** Opening RECORDS SHOWN block **

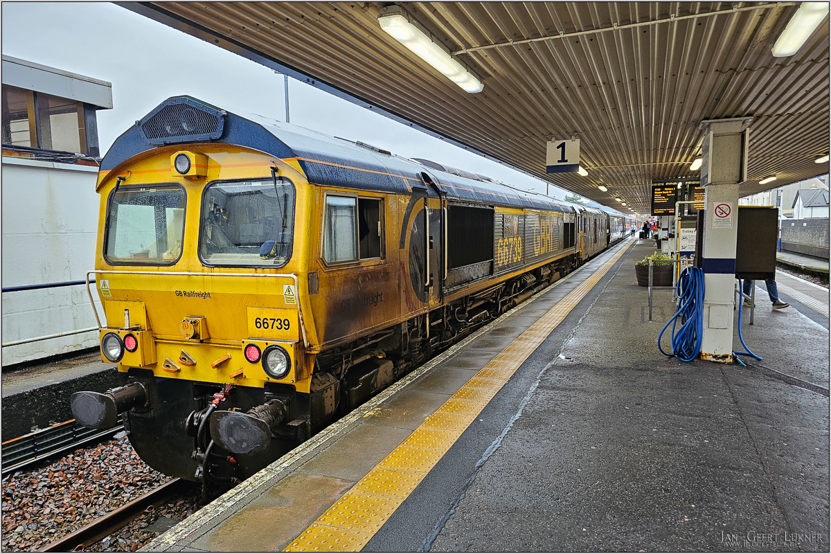 Angekommen in Fort William. Die Teile des Sleepers werden immer mit zwei Loks bespannt. Wir hatten eine Class 66 und eine 73.
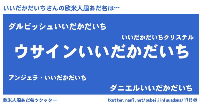 | 男性向けラノベタイトル風あだ名 | 『いいだかだいちの嫁は女の子じゃないと思った?』 |
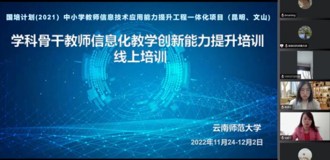 11月24日上午,由云南师范大学统筹和承担的云南省2021年中小学幼儿园教师国家级培训计划——中小学教师信息技术应用能力提升工程一体化项目三——“学科骨干教师信息化教学创新能力提升培训线上培训”项目开班仪式在腾讯会议、云南师范大学非学历培训平台举行。
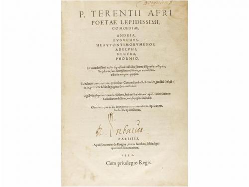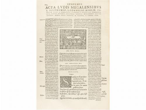 1552. LIBRO. (LITERATURA CLÁSICA). TERENTIUS, AFRI PUBLIUS:. P. TERENTII AFRI POETAE LEPIDISSIMI, COMOEDIAE, ANDRIA, EUNUCHUS, HEAVTONTIMORUMENTOS, ADELPHI, HECYRA, PHORMIO... Parisiis: Apud Ioannem de Roigny, 1552 (en portada y colofón). Folio. 1 h. + 776 p. + 19 h. Bellamente ilustr. con capitales y viñetas xilografiadas. Texto original glosado, enmarcado por los comentarios a dos columnas, apostillas marginales. Cerco de humedad en el margen interior, que no afecta texto menos en las 9 últimas h. Enc. en piel rozada. Presentamos esta curiosa edición de las comedias de Terencio con los comentarios de 16 humanistas como Erasmo, Philippe Melanchoton, etc. Anotaciones manuscritas de anterior poseedor.
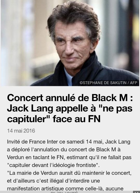 En tous cas, beau coup de pub pour Black M, typique homme d’affaire à la Jay Z, dont les postures et les provocs font parties d’un scénario bien huilé et qui sera certainement grassement dédommagé suite à cette annulation…ou quand les socialistes se font complices du capitalisme le plus débridé!
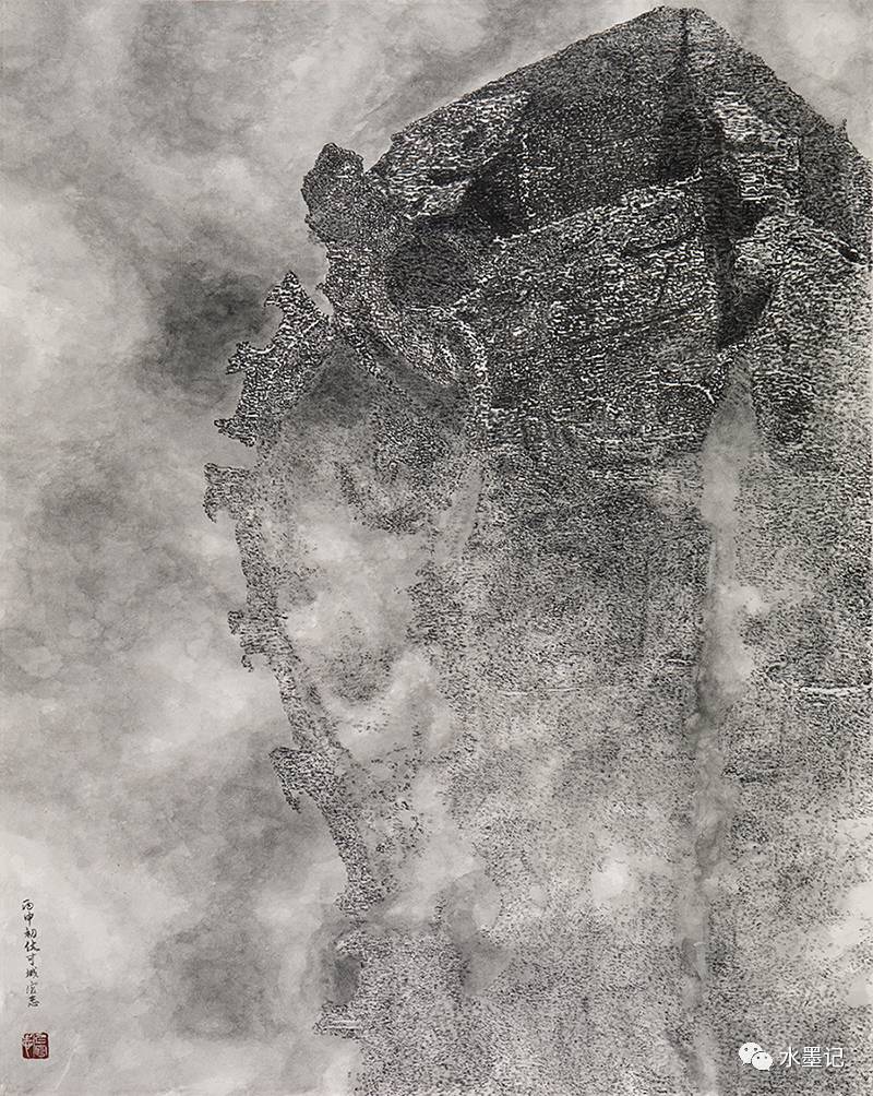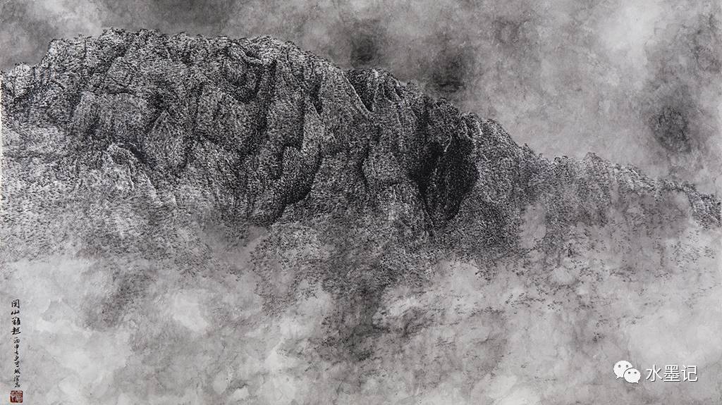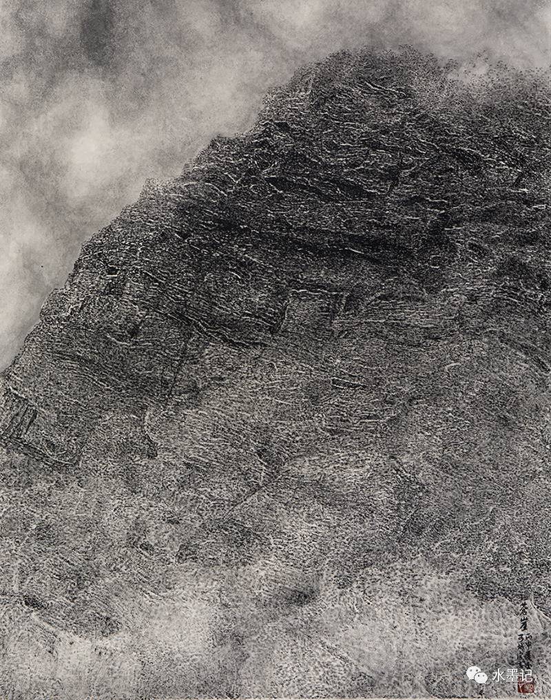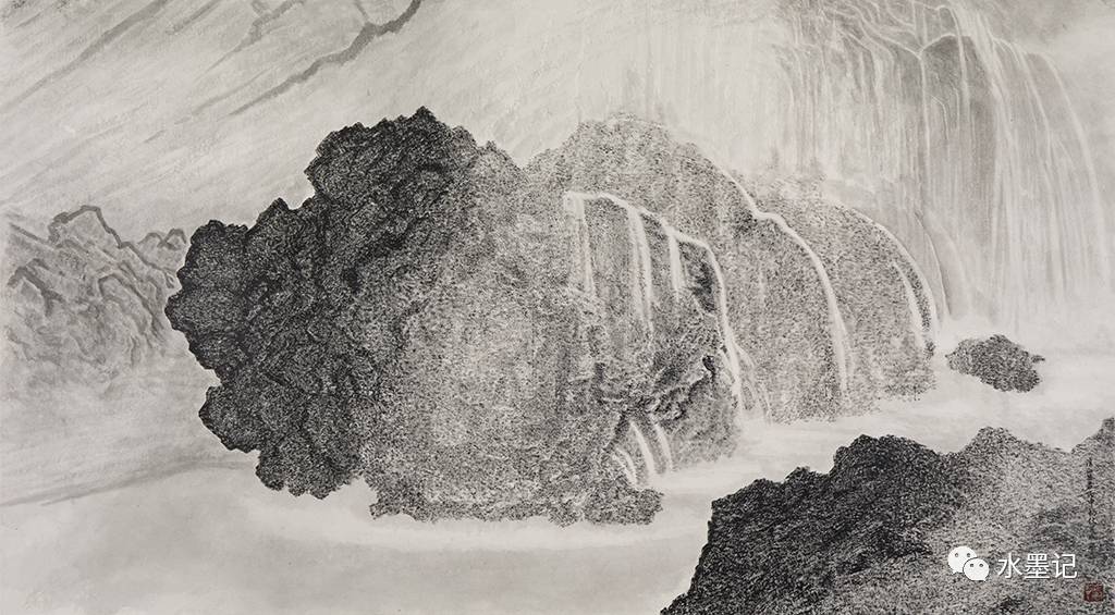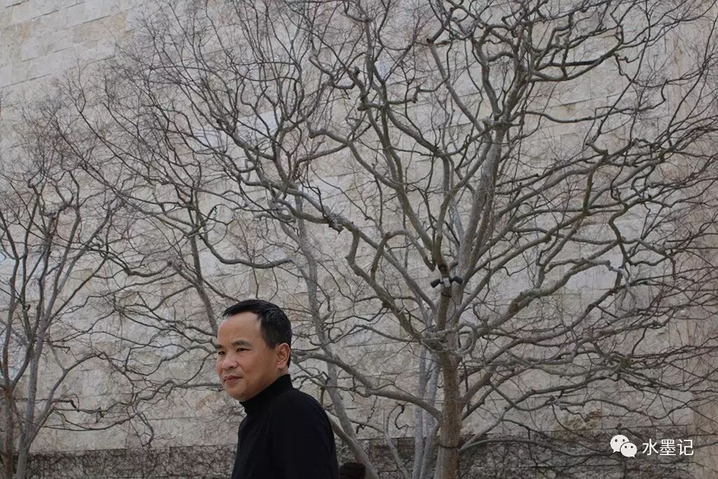 官志,1970年生,自幼习画,在社会工作和艺术修养积累廿年后专职水墨创作。2014年以杰出人才签证赴美,获得艺术基金支持,迅速找到自己的笔墨语言、形成自己的面貌,一跃成为用墨极具视觉冲击力的山水画家,正在画史上开创一种风格。

** Closing RECORDS SHOWN block **

## DIRECTIONS:
No pictures belong in the copy. Repeat the listing above exactly.

## SOLUTION TO THE PROBLEM:
 Angekommen in Fort William. Die Teile des Sleepers werden immer mit zwei Loks bespannt. Wir hatten eine Class 66 und eine 73.
 | 男性向けラノベタイトル風あだ名 | 『いいだかだいちの嫁は女の子じゃないと思った?』 |
 11月24日上午,由云南师范大学统筹和承担的云南省2021年中小学幼儿园教师国家级培训计划——中小学教师信息技术应用能力提升工程一体化项目三——“学科骨干教师信息化教学创新能力提升培训线上培训”项目开班仪式在腾讯会议、云南师范大学非学历培训平台举行。
 1552. LIBRO. (LITERATURA CLÁSICA). TERENTIUS, AFRI PUBLIUS:. P. TERENTII AFRI POETAE LEPIDISSIMI, COMOEDIAE, ANDRIA, EUNUCHUS, HEAVTONTIMORUMENTOS, ADELPHI, HECYRA, PHORMIO... Parisiis: Apud Ioannem de Roigny, 1552 (en portada y colofón). Folio. 1 h. + 776 p. + 19 h. Bellamente ilustr. con capitales y viñetas xilografiadas. Texto original glosado, enmarcado por los comentarios a dos columnas, apostillas marginales. Cerco de humedad en el margen interior, que no afecta texto menos en las 9 últimas h. Enc. en piel rozada. Presentamos esta curiosa edición de las comedias de Terencio con los comentarios de 16 humanistas como Erasmo, Philippe Melanchoton, etc. Anotaciones manuscritas de anterior poseedor.
 En tous cas, beau coup de pub pour Black M, typique homme d’affaire à la Jay Z, dont les postures et les provocs font parties d’un scénario bien huilé et qui sera certainement grassement dédommagé suite à cette annulation…ou quand les socialistes se font complices du capitalisme le plus débridé!
 官志,1970年生,自幼习画,在社会工作和艺术修养积累廿年后专职水墨创作。2014年以杰出人才签证赴美,获得艺术基金支持,迅速找到自己的笔墨语言、形成自己的面貌,一跃成为用墨极具视觉冲击力的山水画家,正在画史上开创一种风格。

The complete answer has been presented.